[[ DATASET open ]]
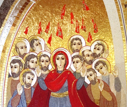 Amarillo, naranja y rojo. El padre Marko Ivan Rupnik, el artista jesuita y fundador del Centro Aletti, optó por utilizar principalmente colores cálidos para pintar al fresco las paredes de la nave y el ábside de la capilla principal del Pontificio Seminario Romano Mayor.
[[ DATASET closed ]]
[[ DATASET open ]]
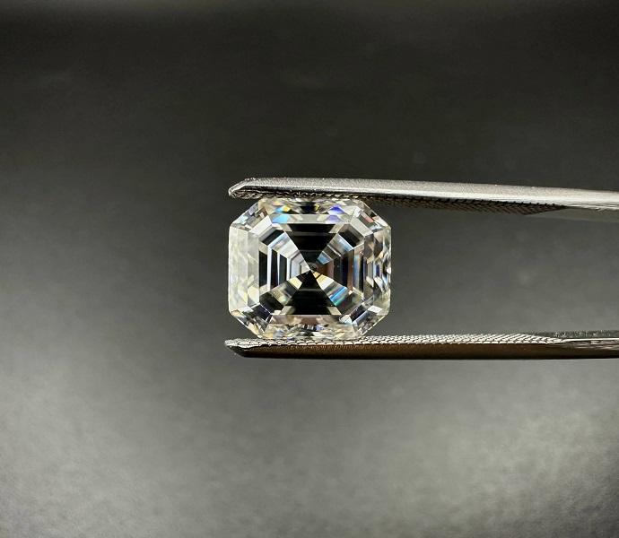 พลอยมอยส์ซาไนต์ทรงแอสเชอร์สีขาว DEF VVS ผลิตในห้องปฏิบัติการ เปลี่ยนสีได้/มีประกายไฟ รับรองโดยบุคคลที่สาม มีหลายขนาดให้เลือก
[[ DATASET closed ]]
[[ DATASET open ]]
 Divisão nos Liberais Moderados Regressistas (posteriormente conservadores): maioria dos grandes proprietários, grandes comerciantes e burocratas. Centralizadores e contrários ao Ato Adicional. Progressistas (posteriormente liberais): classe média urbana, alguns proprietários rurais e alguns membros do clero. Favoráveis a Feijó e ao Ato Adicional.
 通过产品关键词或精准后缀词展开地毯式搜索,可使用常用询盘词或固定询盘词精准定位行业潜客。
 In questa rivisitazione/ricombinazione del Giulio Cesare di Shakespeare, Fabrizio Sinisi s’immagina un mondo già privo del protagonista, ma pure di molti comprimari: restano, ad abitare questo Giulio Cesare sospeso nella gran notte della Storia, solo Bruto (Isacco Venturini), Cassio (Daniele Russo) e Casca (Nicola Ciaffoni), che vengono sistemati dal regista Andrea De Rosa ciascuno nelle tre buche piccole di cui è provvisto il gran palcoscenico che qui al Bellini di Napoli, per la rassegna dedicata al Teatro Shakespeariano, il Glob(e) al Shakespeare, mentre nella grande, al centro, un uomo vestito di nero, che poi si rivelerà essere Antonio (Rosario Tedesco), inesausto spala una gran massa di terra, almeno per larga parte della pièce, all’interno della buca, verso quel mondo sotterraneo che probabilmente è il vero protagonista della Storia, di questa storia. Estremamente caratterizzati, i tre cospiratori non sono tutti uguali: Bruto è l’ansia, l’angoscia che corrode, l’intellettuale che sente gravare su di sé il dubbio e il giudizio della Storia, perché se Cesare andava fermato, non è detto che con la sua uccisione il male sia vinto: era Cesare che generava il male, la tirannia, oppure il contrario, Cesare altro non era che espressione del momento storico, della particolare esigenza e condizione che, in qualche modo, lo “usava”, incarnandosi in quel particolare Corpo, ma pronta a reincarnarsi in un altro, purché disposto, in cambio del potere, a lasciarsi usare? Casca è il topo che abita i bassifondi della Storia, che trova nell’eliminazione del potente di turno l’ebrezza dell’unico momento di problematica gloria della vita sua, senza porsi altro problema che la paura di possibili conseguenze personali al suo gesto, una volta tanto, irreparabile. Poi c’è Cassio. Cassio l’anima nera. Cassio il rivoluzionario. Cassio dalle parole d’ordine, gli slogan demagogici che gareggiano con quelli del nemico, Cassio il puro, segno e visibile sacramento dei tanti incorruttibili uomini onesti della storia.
[[ DATASET closed ]]
**INSTRUCTIONS FOR THE TASK:**
When the line with "Divisão nos Liberais" is reached in the data above, start copying there, and copy each line exactly until the line with "通过产品关键词或精准后缀词展" has been copied; copy nothing else.

**OUTPUT BELOW:**
 Divisão nos Liberais Moderados Regressistas (posteriormente conservadores): maioria dos grandes proprietários, grandes comerciantes e burocratas. Centralizadores e contrários ao Ato Adicional. Progressistas (posteriormente liberais): classe média urbana, alguns proprietários rurais e alguns membros do clero. Favoráveis a Feijó e ao Ato Adicional.
 通过产品关键词或精准后缀词展开地毯式搜索,可使用常用询盘词或固定询盘词精准定位行业潜客。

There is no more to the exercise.